Prepping for our Kruger Safari
Over our camp fire the night before our first game drive, we all went around the group and said what we were hoping to see the next day. I think there was 14 of us and 12 said Lions. Of course – you are coming to Africa you want to see a lion. Zanelli our driver very nicely, but firmly, told us all that our chances of seeing a lion was not good. A month before we arrived Kruger had experienced a very good week of rain, which meant everything was green and the grasses were high and thick. Lions love to settle themselves into the grasses and rest during the daylight hours, so Zanelli was trying to lessen our expectations for the day. There were some disappointed faces around that fire let me tell you.
I said I wanted to see a running giraffe. I love elephants and felt really confident that we would see some. I almost feel that I have a weird connection to elephants and subsequently often feel like we see them because they know that. I'm weird I know, but we always seem to see them everywhere we go and I like to think its because they know how I feel about them.
Wanting to see a running giraffe was mostly because I felt that would make me feel like I really was in Africa. When I was a child I thought that giraffes were spindly and feeble but thanks to Richard Attenborough, I now know Giraffes are incredibly strong, and I wanted to see that for myself. A giraffe in full flight would enable me to see that.
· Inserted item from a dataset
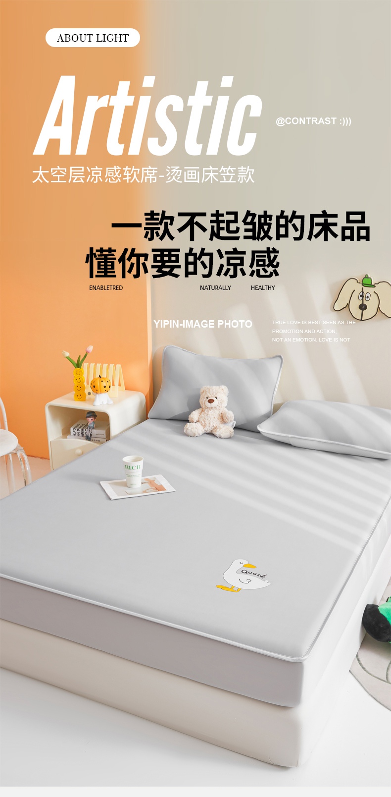 当前位置: 91家纺网 > 商品网购 > 床上用品 > 凉席 > 其他凉席 > 2025春夏新款独家研发太空层凉感鸭冰丝烫画软凉席床笠款 凉感鸭-浅灰

Everyone laughed at my running giraffe comment but it was all very lighthearted and we went to bed dreaming of our safari.
Arriving into the park
We entered into the park through the Numbi Gate & wouldn't have been in our jeep for 10 minutes when we take a left on to what can only be described as a rutted track. Our driver completely ignores the “No Entry” sign and drives right over the chain. I immediately thought “I like this guy”.
Down the bumpy track we go, all of us scanning, scanning, when the driver brakes hard and then reverses even harder. By the time he gets his binoculars up to his face we realise we are looking for lions. Across the grasses there is a large rocky outcrop and to the naked eye it seems there are two brown rocks on top of the sandstone.
They are however LIONS!
As soon as I get my camera to my eye and into focus its clear they are both males and are settled in for a very busy morning of sunbaking on the rocks. I can see their manes blowing in the breeze and a huge yawn from one of them before he collapses on to the warm rock. 10 mins in and we have seen two lions!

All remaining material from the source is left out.